(Data records)
++++++
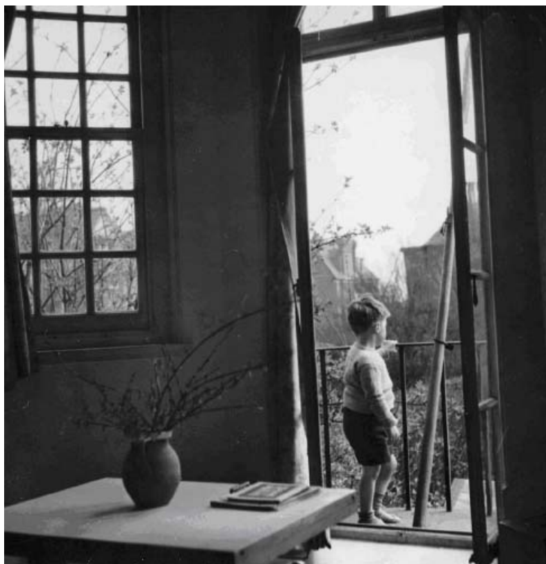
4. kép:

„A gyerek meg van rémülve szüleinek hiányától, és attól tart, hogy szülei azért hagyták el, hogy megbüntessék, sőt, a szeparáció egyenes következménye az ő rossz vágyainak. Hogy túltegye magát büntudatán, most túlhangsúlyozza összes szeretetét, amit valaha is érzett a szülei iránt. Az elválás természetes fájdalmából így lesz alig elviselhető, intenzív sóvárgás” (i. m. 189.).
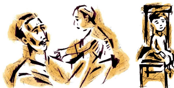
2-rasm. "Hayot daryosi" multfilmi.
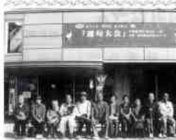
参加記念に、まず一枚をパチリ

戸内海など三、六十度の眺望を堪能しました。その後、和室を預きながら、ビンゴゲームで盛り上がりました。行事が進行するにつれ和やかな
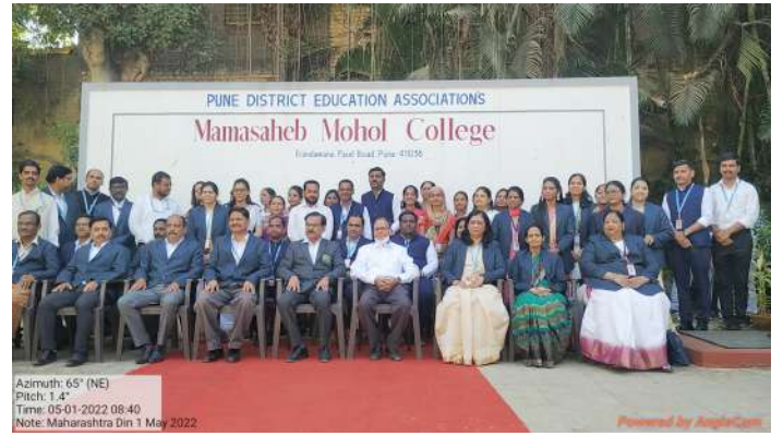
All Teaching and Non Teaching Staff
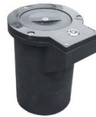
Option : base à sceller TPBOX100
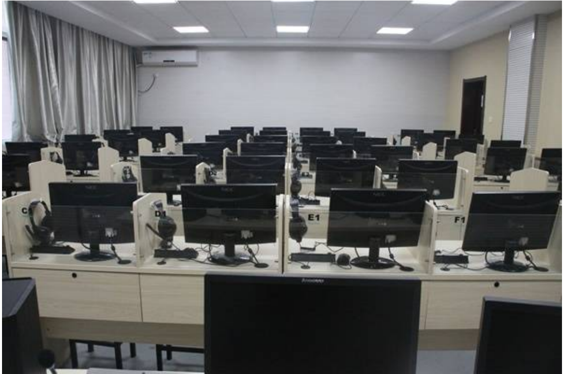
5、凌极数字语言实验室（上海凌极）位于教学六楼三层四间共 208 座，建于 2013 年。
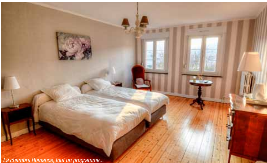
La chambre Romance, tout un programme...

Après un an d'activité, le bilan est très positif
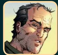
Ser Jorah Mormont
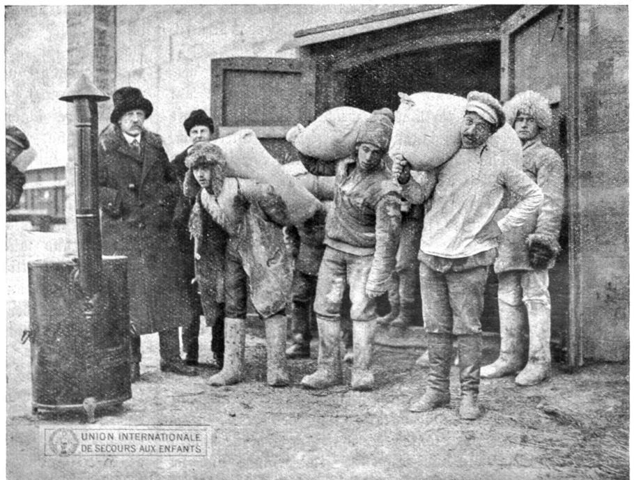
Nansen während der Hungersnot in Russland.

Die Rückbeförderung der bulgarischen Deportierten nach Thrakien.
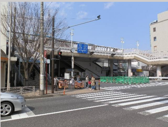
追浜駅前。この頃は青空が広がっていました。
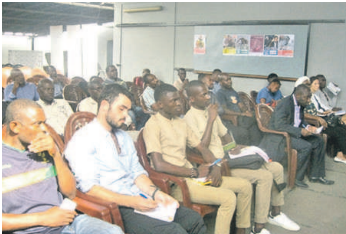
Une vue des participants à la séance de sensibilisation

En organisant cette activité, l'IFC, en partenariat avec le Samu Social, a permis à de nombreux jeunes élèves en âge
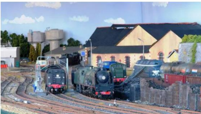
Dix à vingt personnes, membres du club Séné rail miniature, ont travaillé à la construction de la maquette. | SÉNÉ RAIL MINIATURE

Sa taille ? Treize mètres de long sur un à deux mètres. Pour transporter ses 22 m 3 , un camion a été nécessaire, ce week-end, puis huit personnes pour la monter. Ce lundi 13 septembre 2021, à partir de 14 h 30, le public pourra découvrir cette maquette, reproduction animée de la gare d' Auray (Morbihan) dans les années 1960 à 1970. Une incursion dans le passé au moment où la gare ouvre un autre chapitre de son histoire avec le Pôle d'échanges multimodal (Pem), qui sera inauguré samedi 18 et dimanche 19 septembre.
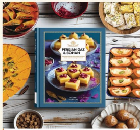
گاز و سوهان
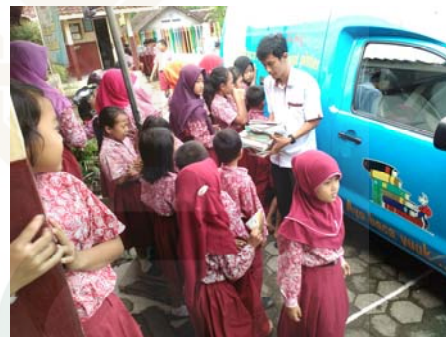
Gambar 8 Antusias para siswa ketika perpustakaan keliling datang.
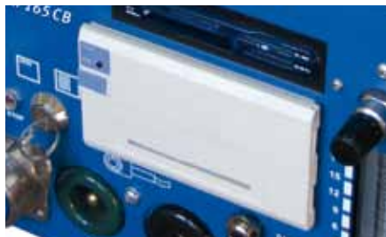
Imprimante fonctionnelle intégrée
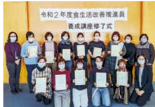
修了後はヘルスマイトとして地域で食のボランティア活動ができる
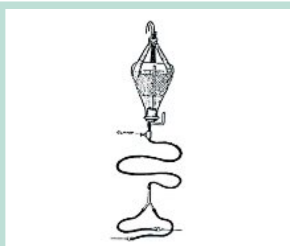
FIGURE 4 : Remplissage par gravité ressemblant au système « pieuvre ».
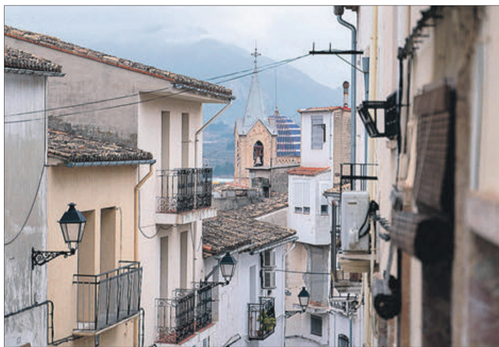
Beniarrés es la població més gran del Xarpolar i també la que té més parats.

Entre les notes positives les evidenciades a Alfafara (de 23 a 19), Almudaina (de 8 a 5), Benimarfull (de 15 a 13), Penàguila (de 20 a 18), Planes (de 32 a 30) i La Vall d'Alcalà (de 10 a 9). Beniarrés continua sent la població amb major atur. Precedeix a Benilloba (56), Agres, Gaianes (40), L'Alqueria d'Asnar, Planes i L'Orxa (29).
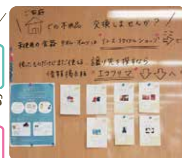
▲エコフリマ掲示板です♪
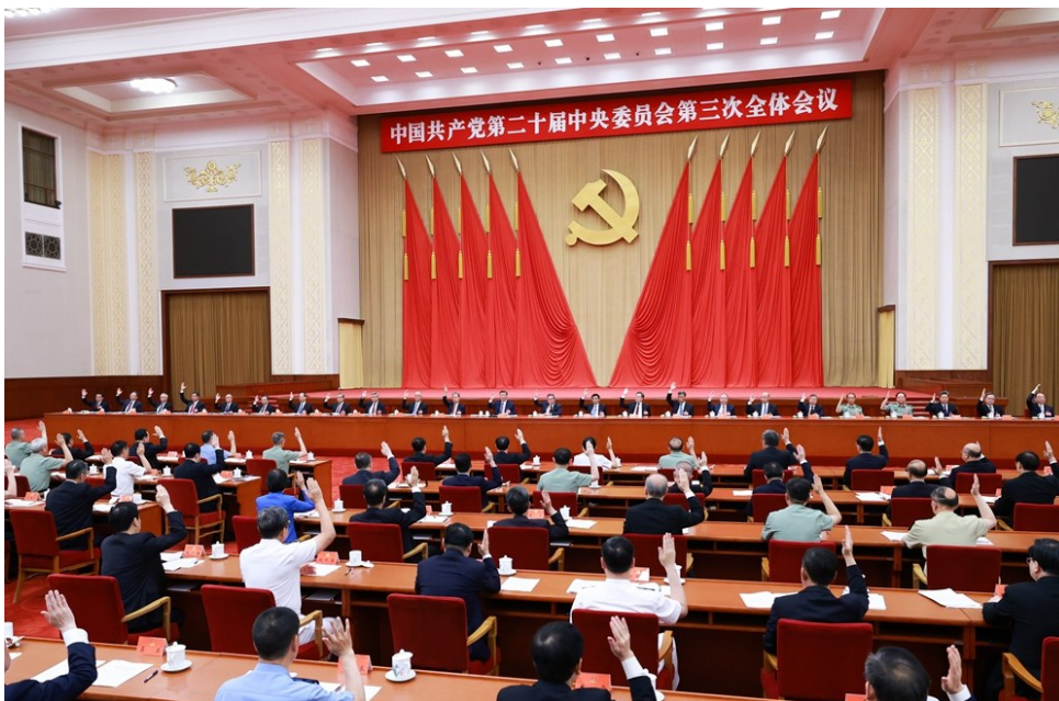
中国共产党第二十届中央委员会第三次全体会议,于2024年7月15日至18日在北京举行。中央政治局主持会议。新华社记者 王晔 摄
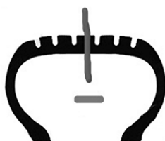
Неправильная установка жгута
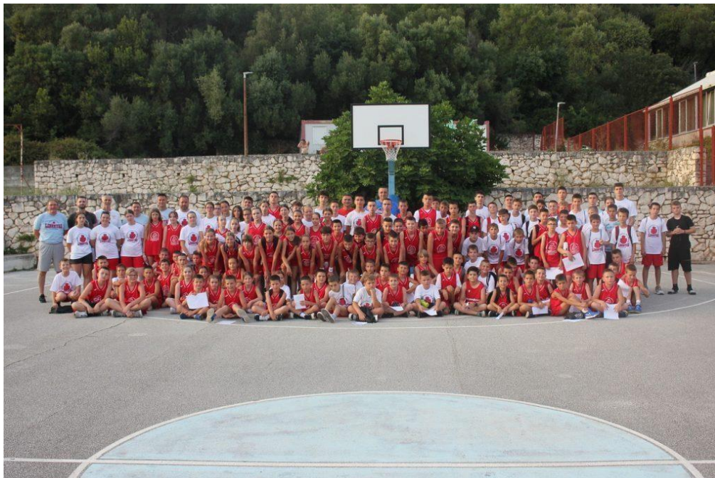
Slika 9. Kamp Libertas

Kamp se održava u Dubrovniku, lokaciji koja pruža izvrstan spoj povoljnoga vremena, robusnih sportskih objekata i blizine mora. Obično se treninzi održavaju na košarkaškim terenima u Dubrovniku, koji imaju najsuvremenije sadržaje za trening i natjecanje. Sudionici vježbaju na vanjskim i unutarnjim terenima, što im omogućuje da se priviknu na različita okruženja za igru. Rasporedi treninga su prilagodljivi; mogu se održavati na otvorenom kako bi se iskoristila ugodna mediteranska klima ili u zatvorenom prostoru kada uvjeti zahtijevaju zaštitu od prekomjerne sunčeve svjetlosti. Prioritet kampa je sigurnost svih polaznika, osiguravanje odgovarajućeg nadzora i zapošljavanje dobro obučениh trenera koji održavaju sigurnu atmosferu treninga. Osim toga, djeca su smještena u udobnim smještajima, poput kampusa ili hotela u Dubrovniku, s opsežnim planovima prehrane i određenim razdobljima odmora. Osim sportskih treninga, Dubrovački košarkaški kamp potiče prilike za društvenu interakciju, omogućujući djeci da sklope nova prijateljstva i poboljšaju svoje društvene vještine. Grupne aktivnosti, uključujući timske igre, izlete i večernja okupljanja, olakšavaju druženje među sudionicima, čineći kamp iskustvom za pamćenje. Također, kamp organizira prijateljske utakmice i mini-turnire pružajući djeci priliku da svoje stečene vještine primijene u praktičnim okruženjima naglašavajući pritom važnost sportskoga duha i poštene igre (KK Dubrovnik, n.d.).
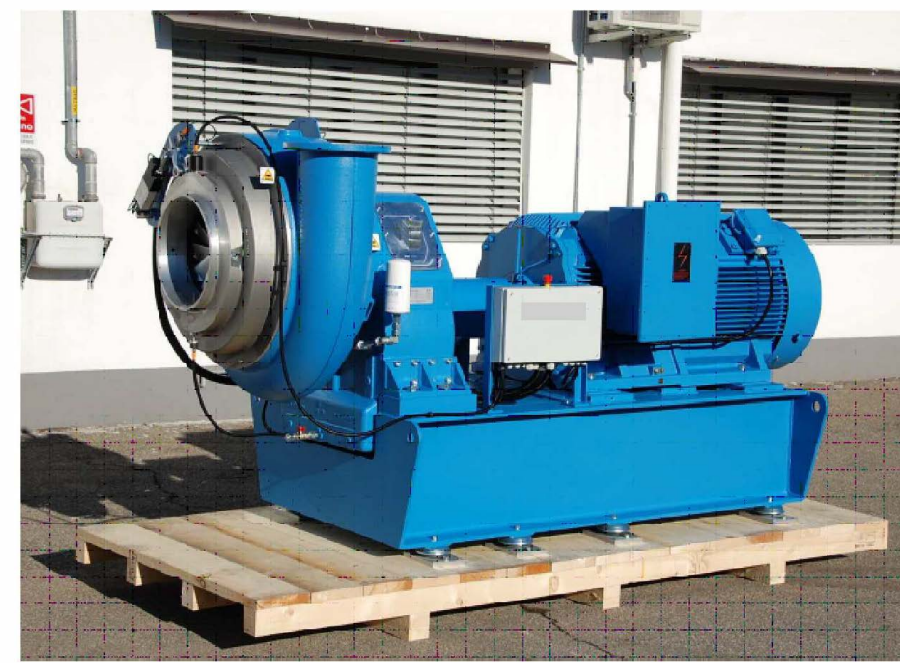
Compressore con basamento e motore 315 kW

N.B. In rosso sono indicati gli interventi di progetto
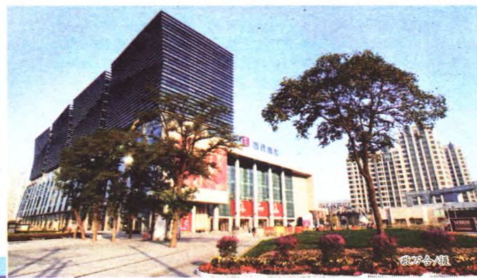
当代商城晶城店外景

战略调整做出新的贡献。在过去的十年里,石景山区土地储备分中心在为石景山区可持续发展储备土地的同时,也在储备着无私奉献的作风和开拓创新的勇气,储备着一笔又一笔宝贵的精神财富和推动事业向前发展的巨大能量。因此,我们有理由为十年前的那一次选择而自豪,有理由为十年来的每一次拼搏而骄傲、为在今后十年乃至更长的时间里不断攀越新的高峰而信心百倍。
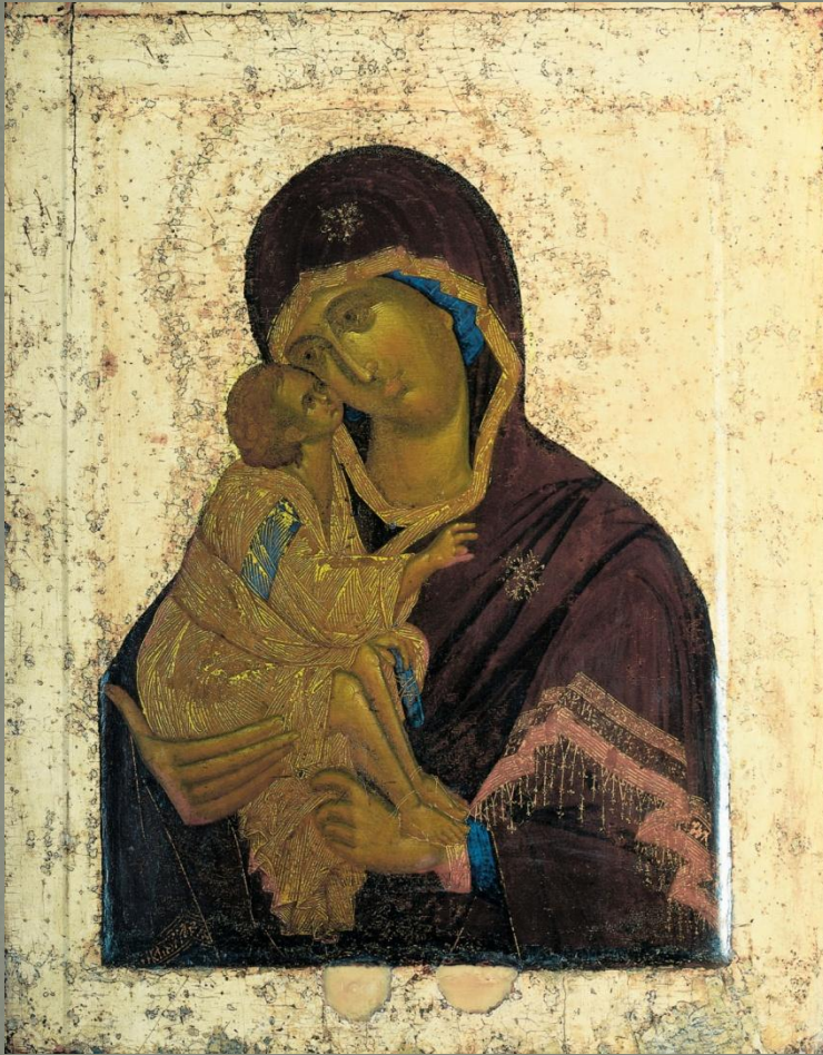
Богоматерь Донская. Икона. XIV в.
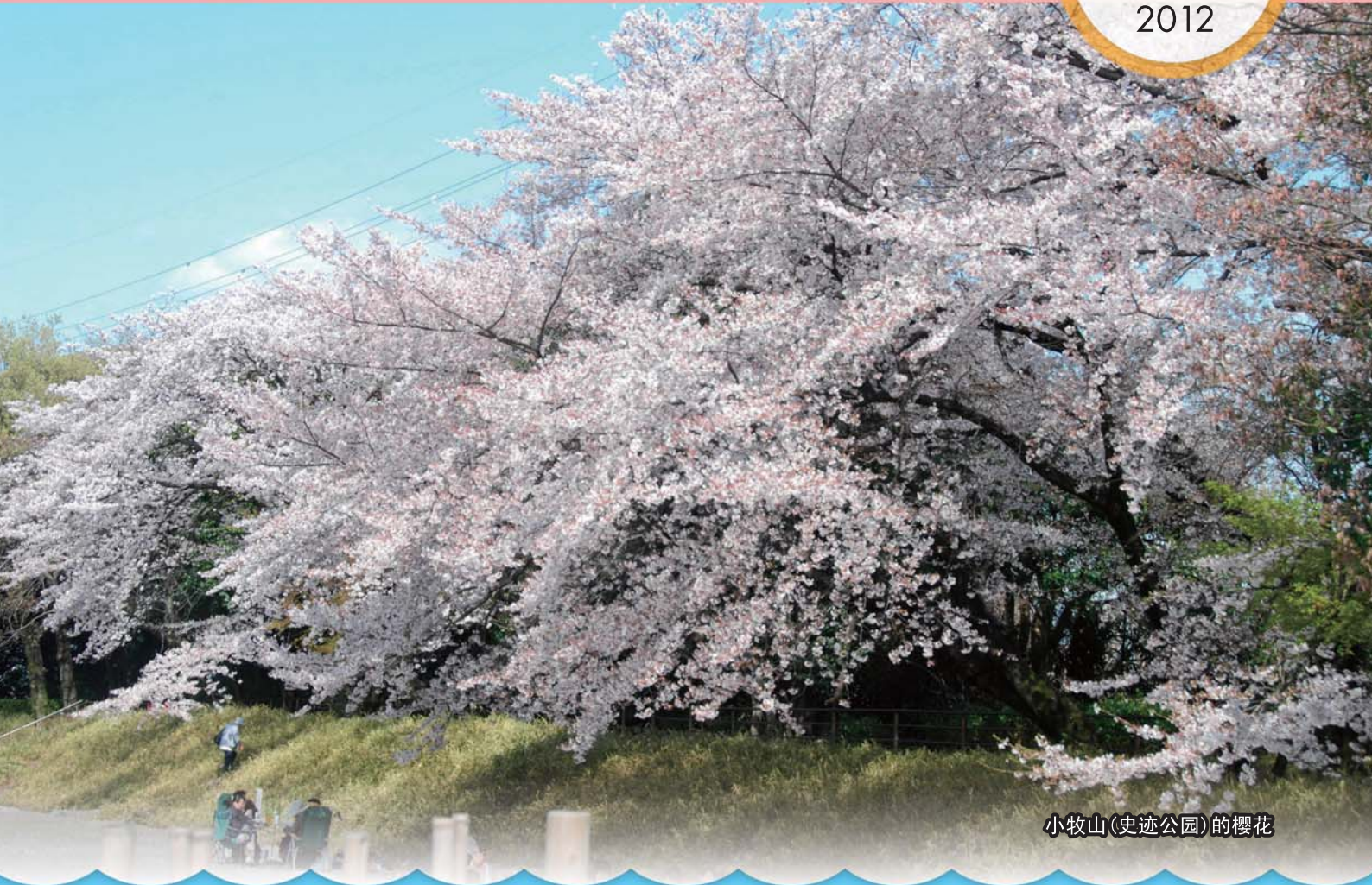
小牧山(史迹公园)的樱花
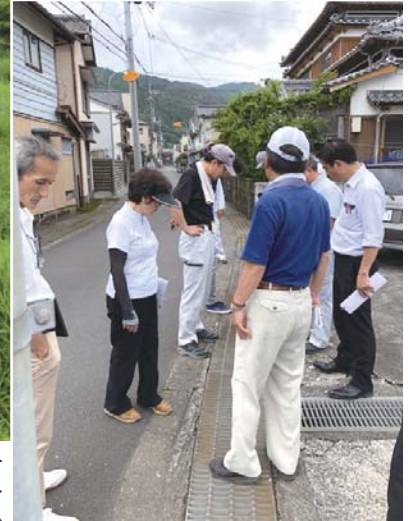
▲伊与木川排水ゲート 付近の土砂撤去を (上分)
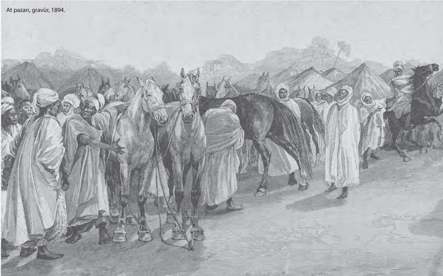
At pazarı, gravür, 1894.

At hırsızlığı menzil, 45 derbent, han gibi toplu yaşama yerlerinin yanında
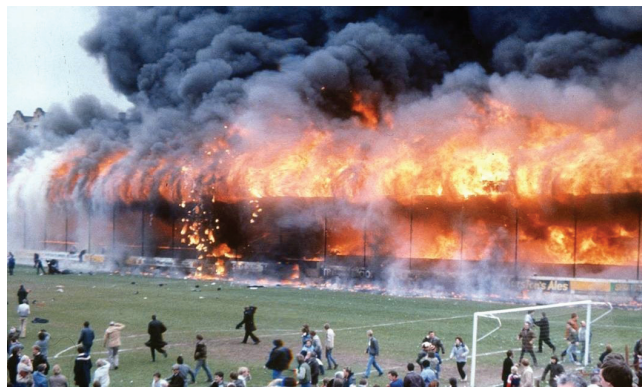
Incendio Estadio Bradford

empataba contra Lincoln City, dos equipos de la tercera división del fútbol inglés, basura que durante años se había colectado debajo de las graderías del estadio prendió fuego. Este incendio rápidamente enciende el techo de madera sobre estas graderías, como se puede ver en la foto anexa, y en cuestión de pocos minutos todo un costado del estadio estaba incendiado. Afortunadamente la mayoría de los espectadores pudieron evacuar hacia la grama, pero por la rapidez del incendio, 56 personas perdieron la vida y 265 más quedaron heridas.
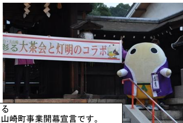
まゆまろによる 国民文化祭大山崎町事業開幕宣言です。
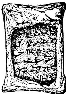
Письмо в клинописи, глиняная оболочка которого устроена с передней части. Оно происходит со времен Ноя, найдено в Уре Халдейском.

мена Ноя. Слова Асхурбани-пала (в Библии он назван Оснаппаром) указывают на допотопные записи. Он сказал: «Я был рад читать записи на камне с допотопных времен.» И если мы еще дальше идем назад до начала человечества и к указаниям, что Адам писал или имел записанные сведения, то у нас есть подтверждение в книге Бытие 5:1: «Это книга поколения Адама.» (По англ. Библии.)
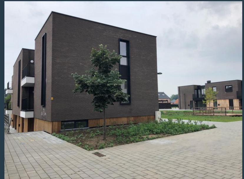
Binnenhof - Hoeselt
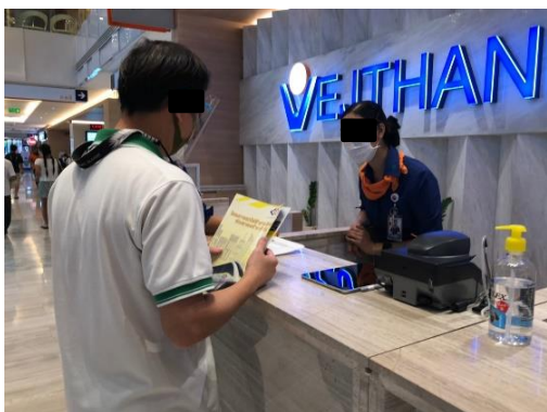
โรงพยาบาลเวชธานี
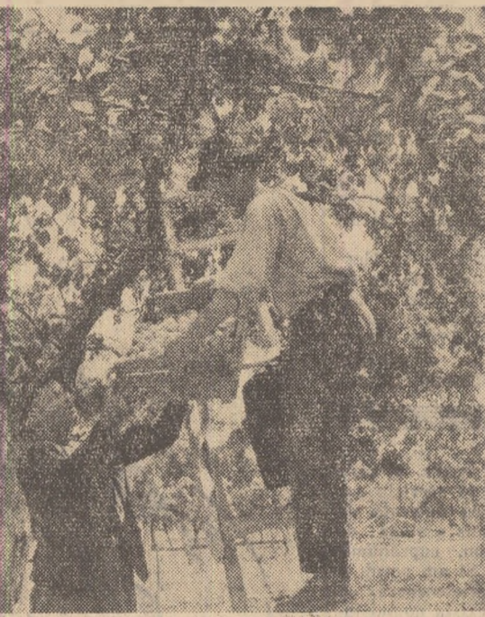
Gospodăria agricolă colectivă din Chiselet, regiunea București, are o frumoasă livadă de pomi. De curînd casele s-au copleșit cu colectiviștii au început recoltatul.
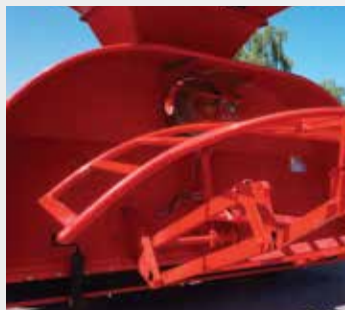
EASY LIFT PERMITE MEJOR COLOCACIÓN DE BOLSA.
++++++
TASK INSTRUCTIONS >>
What to print is the stretch of entries from the line with "At pazarı, gravür, 1894." up to and including the line with "まゆまろによる 国民文化祭大山崎町事業開幕宣言です。". Please print it exactly and leave out the pictures.

PROBLEM SOLUTION >>
At pazarı, gravür, 1894.

At hırsızlığı menzil, 45 derbent, han gibi toplu yaşama yerlerinin yanında
Incendio Estadio Bradford

empataba contra Lincoln City, dos equipos de la tercera división del fútbol inglés, basura que durante años se había colectado debajo de las graderías del estadio prendió fuego. Este incendio rápidamente enciende el techo de madera sobre estas graderías, como se puede ver en la foto anexa, y en cuestión de pocos minutos todo un costado del estadio estaba incendiado. Afortunadamente la mayoría de los espectadores pudieron evacuar hacia la grama, pero por la rapidez del incendio, 56 personas perdieron la vida y 265 más quedaron heridas.
まゆまろによる 国民文化祭大山崎町事業開幕宣言です。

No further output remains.